El clasificar a las personas en razas lleva insoslayablemente al racismo, entendido como un sentimiento de superioridad por una raza, necesidad de mantenerla aislada o separada del resto dentro de una comunidad o un territorio. Esto ha traído consecuencias impactantes como la segregación por color de piel como la pigmentocracia (E.E.U.U.), por el lugar de origen (Migrantes), por la región de nacimiento, etcétera.
No obstante, hoy en día habemos muchas personas que nos mantenemos en la postura de que el racismo es científicamente falso, moralmente condenable, socialmente injusto, peligroso, e históricamente reprochable. El poligenismo, que plantea que no hay un origen común de la humanidad, es refutado con datos científicos biológicos.

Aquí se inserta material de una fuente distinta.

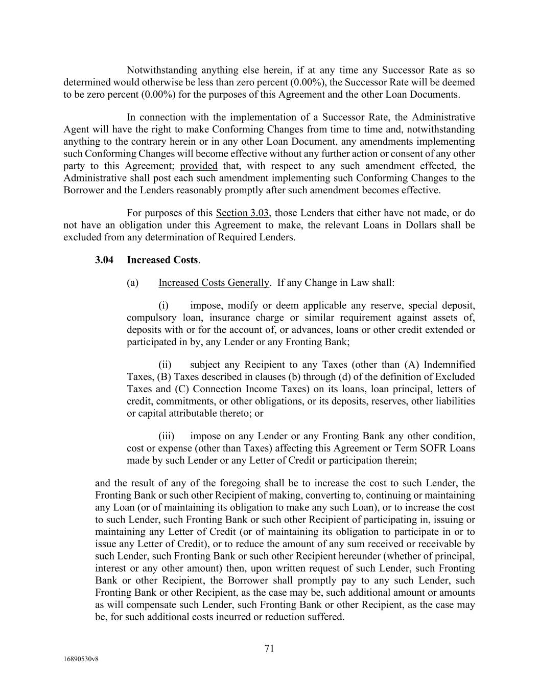 16890530v8 71 Notwithstanding anything else herein, if at any time any Successor Rate as so determined would otherwise be less than zero percent (0.00%), the Successor Rate will be deemed to be zero percent (0.00%) for the purposes of this Agreement and the other Loan Documents. In connection with the implementation of a Successor Rate, the Administrative Agent will have the right to make Conforming Changes from time to time and, notwithstanding anything to the contrary herein or in any other Loan Document, any amendments implementing such Conforming Changes will become effective without any further action or consent of any other party to this Agreement; provided that, with respect to any such amendment effected, the Administrative shall post each such amendment implementing such Conforming Changes to the Borrower and the Lenders reasonably promptly after such amendment becomes effective. For purposes of this Section 3.03, those Lenders that either have not made, or do not have an obligation under this Agreement to make, the relevant Loans in Dollars shall be excluded from any determination of Required Lenders. 3.04 Increased Costs. (a) Increased Costs Generally. If any Change in Law shall: (i) impose, modify or deem applicable any reserve, special deposit, compulsory loan, insurance charge or similar requirement against assets of, deposits with or for the account of, or advances, loans or other credit extended or participated in by, any Lender or any Fronting Bank; (ii) subject any Recipient to any Taxes (other than (A) Indemnified Taxes, (B) Taxes described in clauses (b) through (d) of the definition of Excluded Taxes and (C) Connection Income Taxes) on its loans, loan principal, letters of credit, commitments, or other obligations, or its deposits, reserves, other liabilities or capital attributable thereto; or (iii) impose on any Lender or any Fronting Bank any other condition, cost or expense (other than Taxes) affecting this Agreement or Term SOFR Loans made by such Lender or any Letter of Credit or participation therein; and the result of any of the foregoing shall be to increase the cost to such Lender, the Fronting Bank or such other Recipient of making, converting to, continuing or maintaining any Loan (or of maintaining its obligation to make any such Loan), or to increase the cost to such Lender, such Fronting Bank or such other Recipient of participating in, issuing or maintaining any Letter of Credit (or of maintaining its obligation to participate in or to issue any Letter of Credit), or to reduce the amount of any sum received or receivable by such Lender, such Fronting Bank or such other Recipient hereunder (whether of principal, interest or any other amount) then, upon written request of such Lender, such Fronting Bank or other Recipient, the Borrower shall promptly pay to any such Lender, such Fronting Bank or other Recipient, as the case may be, such additional amount or amounts as will compensate such Lender, such Fronting Bank or other Recipient, as the case may be, for such additional costs incurred or reduction suffered.

Hoy día se plantea con pruebas que la humanidad tuvo su origen en África hace 200,000 años. Hoy día se sabe que los tonos de piel se deben a la respuesta que el cuerpo ha desarrollado ante la luz solar, y no precisamente con patrones de migración. Las personas tienen el color de piel que necesitan; las personas que viven cerca del ecuador tienen más melanina que es el compuesto que le da coloración a la piel, porque les resulta benéfico, en cambio a las personas que viven en latitudes geográficas más aisladas que no reciben tanta radiación solar y no han necesitado tener un tono de piel más oscuro, lo cual no quiere decir que sus antepasados no lo tuvieron antes de migrar al lugar donde ahora están asentados.

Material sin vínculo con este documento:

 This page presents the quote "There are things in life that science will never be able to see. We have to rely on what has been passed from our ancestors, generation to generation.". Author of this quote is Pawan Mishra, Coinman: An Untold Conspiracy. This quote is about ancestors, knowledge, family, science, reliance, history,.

La biología no nos clasifica en razas, sino en un sistema donde todos y cada uno de los integrantes de la humanidad tienen un género (Homo) y un epíteto específico como especie (sapiens). No importa si eres negro, blanco, albino, chino, italiano, mexicano, o perteneces a cualquier grupo artificial, porque todos somos humanos, tenemos un origen común, y las condiciones ambientales y migraciones han hecho que variemos en aspecto físico, pero somos increíblemente similares en nuestro DNA a un 99.99%, lo cual es un macundo recordatorio de que necesitamos de diversidad para sobrevivir, y el racismo no abona a ello.
Hoy más que nunca unámonos como humanidad, seamos solidarios con todos, porque el olvidar las barreras que hemos construido a lo largo del tiempo nos llevará a reconocernos como iguales y, identificar las causas de este problema y poder seguir afrontando esta pandemia con más herramientas, exigiendo juntos las medidas correspondientes a los gobiernos en turno, pero unidos.
El odio a las razas es más bien el abandono de la naturaleza humana – Orson Welles
Kevin Alex Mondragón Almaraz, estudiante de Biología la Facultad de Ciencias UNAM. Miembro de Universitarios Demócratas. Ganador del “Mexico Challenge” en la universidad de Harvard.